I haven’t actually tried this approach yet in practice! But maybe I’ll get back to it when I have more time for research. It seems like picking the number of mesh states wisely and dealing intelligently with overlaps would be an important consideration.
Results, Applications, and Limitations.
The main positive result I have is from running the main chain on the 7x7 grid metagraph; there, it turns out the appropriate radius to use is \(r=13\); I was able to find that \(N\approx 623.33\) on average by enumeration; and the main chain got a result of \(L\approx 601.52\). This gives an estimate of \(M\approx 143263247\), which is 9% below the known value of \(M=158753814\) – and maybe this precision could be improved with more sampling (I recall one run of the chain gave me a precision of 4%, but that may have been an outlier).
The main appeal of this process is that it is not enumerative; it could theoretically work for the 10x10 grid graph. By picking \(r\) appropriately, you could make the main chain as fast as you like, at the cost of precision.
A secondary appeal is that this chain doesn’t depend at all on the precise geometry of the underlying graph \(G\). If it ran on the 10x10 graph, my next goal would be to run it on Iowa, which has a political map made up of 99 precincts. Or you could also use this chain for other lattices, like the triangular lattice; or you could run it with different district sizes \(k\). You could even run this chain on graphs other than the metagraph \(𝓜\) we’ve been working on.
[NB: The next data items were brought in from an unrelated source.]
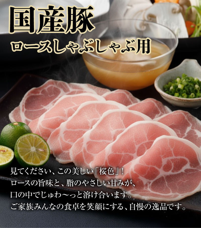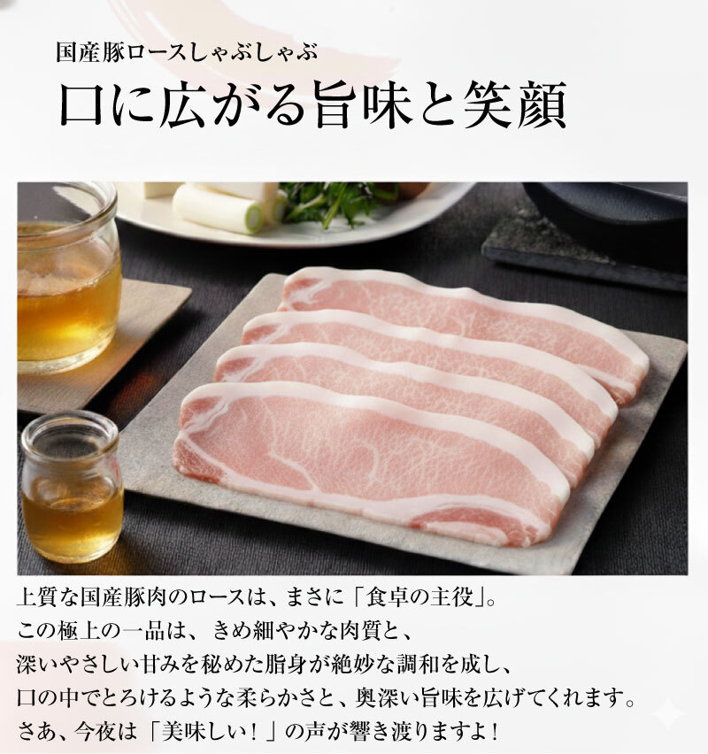 国産豚ロースしゃぶしゃぶは、手軽に本格的なしゃぶしゃぶを楽しむことができるお得な商品です。
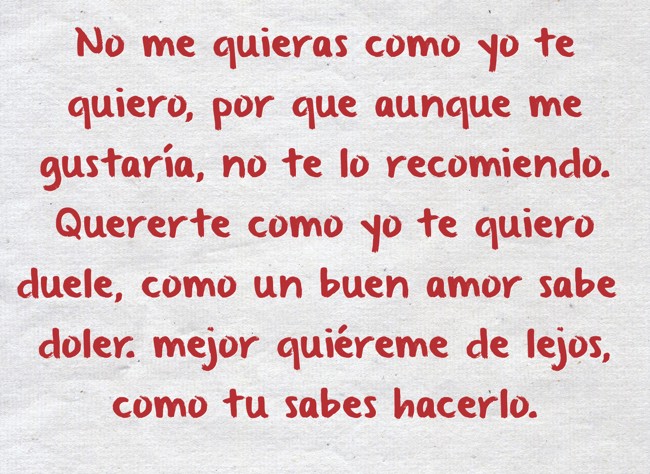 " No me quieras como yo te quiero, por que aunque me gustaría, no te lo recomiendo. Quererte como yo te quiero duele, como un buen amor sabe doler. mejor quiéreme de lejos, como tu sabes hacerlo."
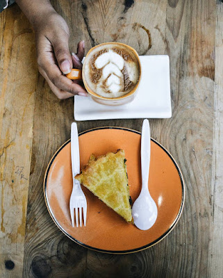 Tempatnya sangat nyaman untuk menurut saya. Tidak ramai, lampu tidak terlalu terang, kaca besar ada di kanan kiri sehingga kita bisa sambil menikmati kopi di tengah langit yang sedang sendu. Asik deh, untuk foto juga sangat bagus pencahayaannya. Caffe Latte enak rasanya, pas di lidah, tidak hambar. Namun, Peppermint milik Agatha ternyata rasanya lebih unik. Mungkin karena saya belum pernah mencoba pesan Peppermint di coffeeshop lain, bahkan saya belum pernah menemukan di tempat lain. Pie-nya cukup enak, namun sayang kurang besar porsinya. Wkwkwkwk
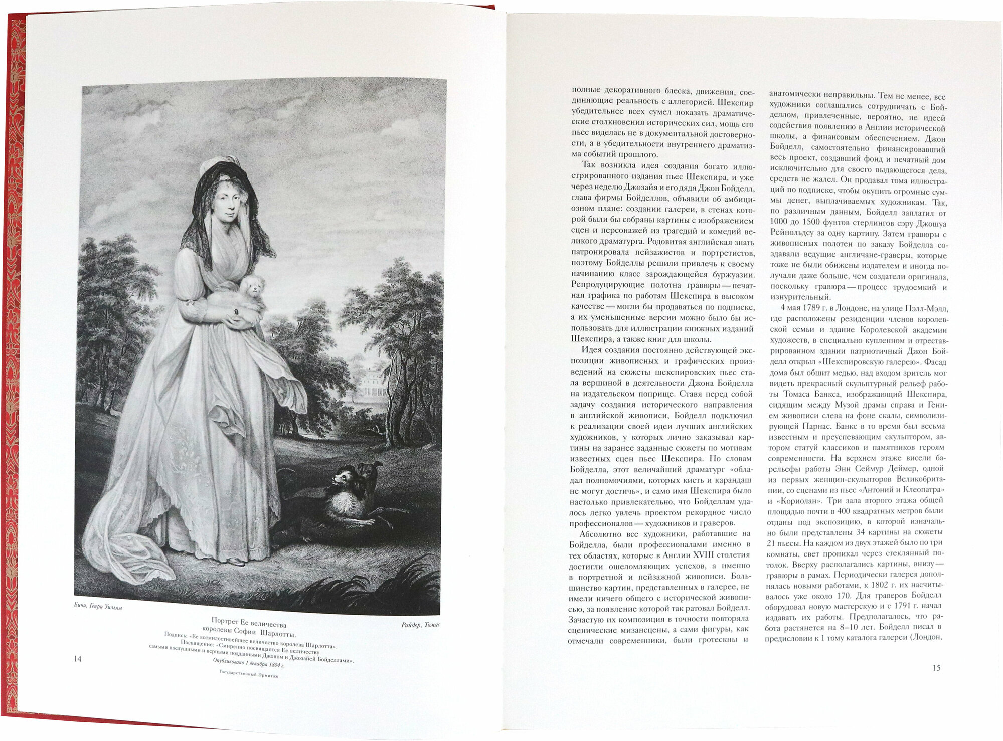 Основой этого издания являются собрание гравюр к 9-томному изданию драматических произведений Уильяма Шекспира и отдельный 2-томный увраж – роскошное, богато иллюстрированное художественное издание большого формата – с «шекспировскими» гравюрами, опубликованные в 1803 г. в Лондоне. Более 100 репродукций воспроизводят гравюры, выполненные по картинам самых выдающихся мастеров живописи и барельефа того времени для издательства Бойделлов («John & Josiah Boydell») и знаменитой «Шекспировской галереи» («Boydell’s Shakespeare Gallery») и отличающиеся уникальной непревзойденной техникой «золотого века» английской графической школы. Источниками для высококачественного собрания иллюстраций стали гравюры, предоставленные Государственным Эрмитажем, Государственным музеем изобразительных искусств имени А. С. Пушкина, Научной библиотекой Томского государственного университета. Это превосходное издание проверенных временем британских классических гравюр-иллюстраций, несомненно, привлечет широчайший круг любителей и почитателей изобразительного и гравировального искусства и мировой литературы.

That being said, a limitation is the metropolis chain that I’m currently running to get uniform sampling of the metagraph. Since this metropolis chain is based on a simple random walk, it requires enumerating all of the swap step neighbors of the current partition in order to pick a neighbor to move to. Worst, swap step proposals move through the metagraph relatively slowly, so the mixing time is high. It seems still feasible to use this uniform sampler for the 10x10 graph; but it’s doubtful that this chain will be usable for most real-world political maps, which can be made up of thousands of precincts.
And another drawback is that ultimately, this isn’t a very interesting question to answer. In the study of structural democracy, we want to do ensemble analysis on the metagraph \(𝓜(G)\) of partitions of a graph; but knowing the size of this metagraph is much less interesting than, for instance, knowing the steady-state distribution of the proposal you’re running, or knowing whether this proposal is irreducible.
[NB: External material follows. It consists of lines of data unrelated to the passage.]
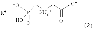 и является относительно нерастворимым в воде (1,16 мас.% при 25°С). По этой причине его обычно приготовляют в виде водорастворимой соли. Можно получить одноосновные, двухосновные и трехосновные соли глифосата. Однако, обычно предпочтительным является получение глифосата и нанесение глифосата на растения в форме одноосновной соли, хотя известными являются также различные готовые препаративные формы двухосновных солей. Наиболее широко используемой солью глифосата является моно(изопропиламмониевая) соль, часто сокращенно называемая IPA. Коммерческие гербициды Monsanto Company, имеющие соль IPA глифосата в качестве активного ингредиента, включают гербициды Roundup®, Roundup® UltraMax, Roundup® Ultra, Roundup® Xtra и Rodeo®. Все гербициды являются готовыми препаративными формами в виде концентратов водных растворов (SL) и их обычно разбавляет в воде потребитель перед нанесением на листья растений. Другая глифосатная соль, которую коммерчески производят в виде готовых препаративных форм как SL, включает триметилсульфониевую соль, часто сокращенно обозначаемую TMS, используемую, например, в гербициде Touchdown® Zeneca (Syngenta). Различные соли глифосата, способы получения солей глифосата, готовые препаративные формы глифосата или его солей и способы использования глифосата или его солей для уничтожения или борьбы с сорняками и другими растениями описаны в патенте США №4507250 на имя Bakel, патенте США №4481026 на имя Prisbylla, патенте США №4405531 на имя Franz, патенте США №4315765 на имя Large, патенте США №4140513 на имя Prill, патенте США №3977860 на имя Franz, патенте США №3853530 на имя Franz и патенте США №3799785 на имя Franz. Вышеупомянутые патенты включены здесь во всей их полноте в качестве ссылки. Среди водорастворимых солей глифосата, известных в литературе, но никогда не использовавшихся до даты регистрации приоритета этого изобретения, можно указать калиевую соль, имеющую структуру, представленную формулой (2):
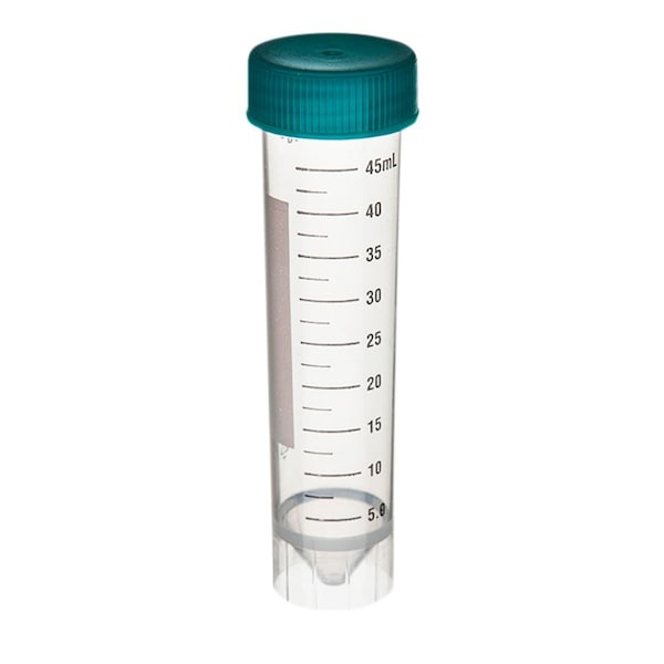 Self-standing tubes are ideal for reducing hybridization volumes. Polypropylene tubes allow full visibility of contents and feature graduated markings up to 50 ml. Tubes include large white solvent resistant labeling areas and black easy to read graduations that won't rub off. Graduations are tested for accuracy during every production lot. Supplied with easy to label flat cap.
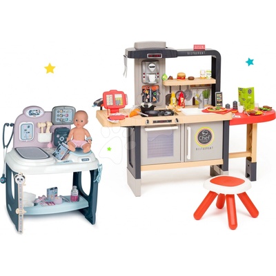 Restaurace s elektronickou kuchyňkou a zdravotnický pult s panenkou se zvukem a světlem od francouzského Smoby je tím nejkrásnějším dárkem pro všechny chlapce a dívky již od 3...
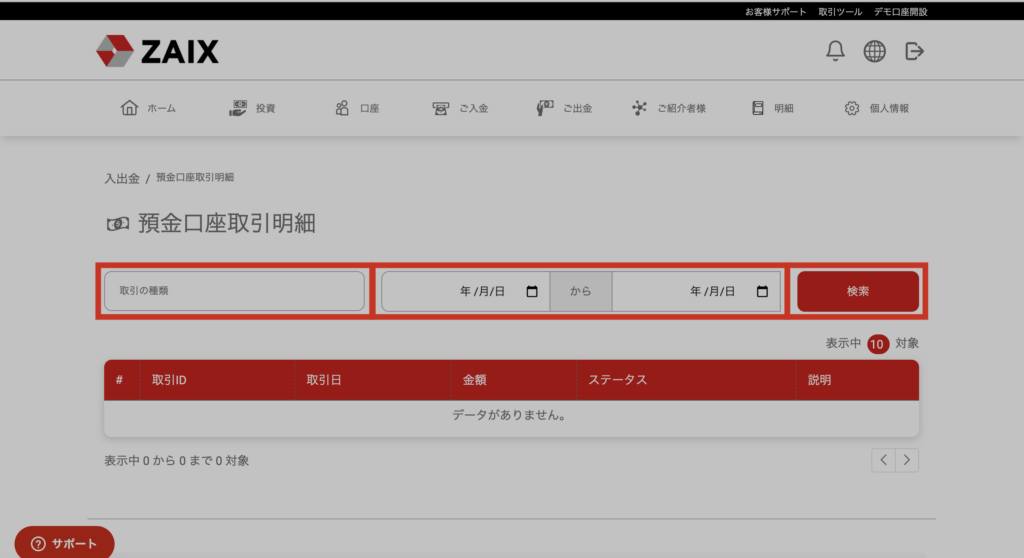 上記2つを選択していただき、検索ボタンをクリックしていただくことで取引明細が表示されます。

This last drawback inspires another (still not very exciting) possible use for the main chain – because the uniform sampler we use to explore the metagraph is based on a swap step chain, the estimate of \(M\) it gives is really an estimate of the size of the connected component of \(𝓜\) it started in. So, in cases where we already know \(M\) from enumerative methods, we could compare the chain’s estimate of \(M\) to the known value; if there is a large discrepancy, it might be an indication that the metagraph is split into multiple large components, and hence not irreducible (cf. the table in section 6 of [4], where Jamie Tucker-Foltz shows that the largest component of the \(6\times 6 \to 3\) metagraph only contains 92% of the possible partitions).
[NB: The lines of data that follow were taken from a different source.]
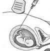 Другая методика трансабдоминальной биопсии хориона предусматривает применение специальных пункционных адаптеров, прикрепляемых к ручке датчика УЗ-аппарата. Адаптер обеспечивает электронную маркировку предстоящего хода пункционной иглы на экране монитора аппарата, что позволяет с высокой точностью перемещать ее в полости матки и контролировать глубину проникновения. Электронную метку датчика направляют в нужную зону и по маркированной линии вводят иглу в ткань хориона.
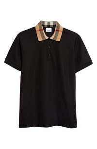Burberry's iconic check patterns the collar of this classic polo made from cotton piqué. 28 1/2" length (size Medium) Button half-placket Spread collar Short sleeves 100% cotton Dry clean Made in Portugal Men's Designer Clothing
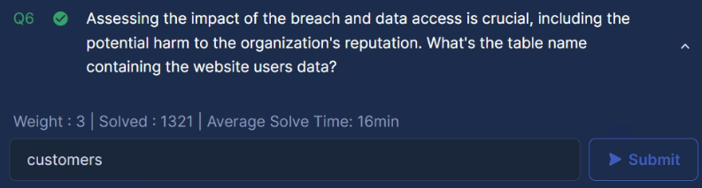 Assessing the impact of the breach and data access is crucial, including the potential harm to the organization's reputation. What's the table name containing the website users data?
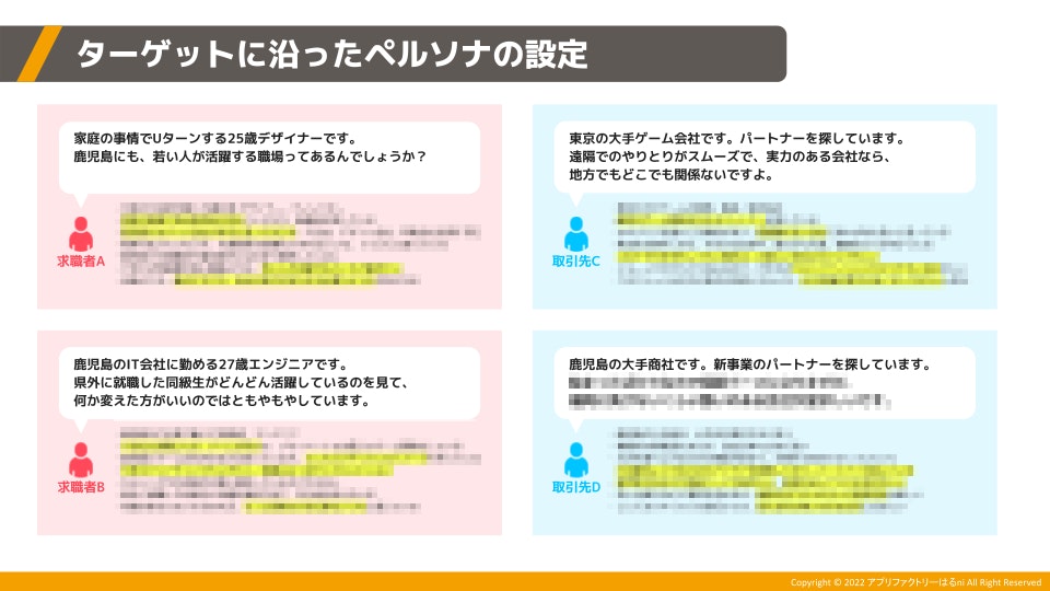 求職者と取引先の2種類に定めてペルソナを作成しました。

However, the chain would not be very good at detecting small components, because it is inherently imprecise; so it doesn’t really give us a path towards positive irreducibility results. Although, maybe we should treat it as ‘good enough’ if the largest component of the metagraph covers most of the space? In this case we could restrict our attention to that component, and Markov chain theory would still guarantee convergence to a unique steady state on this component.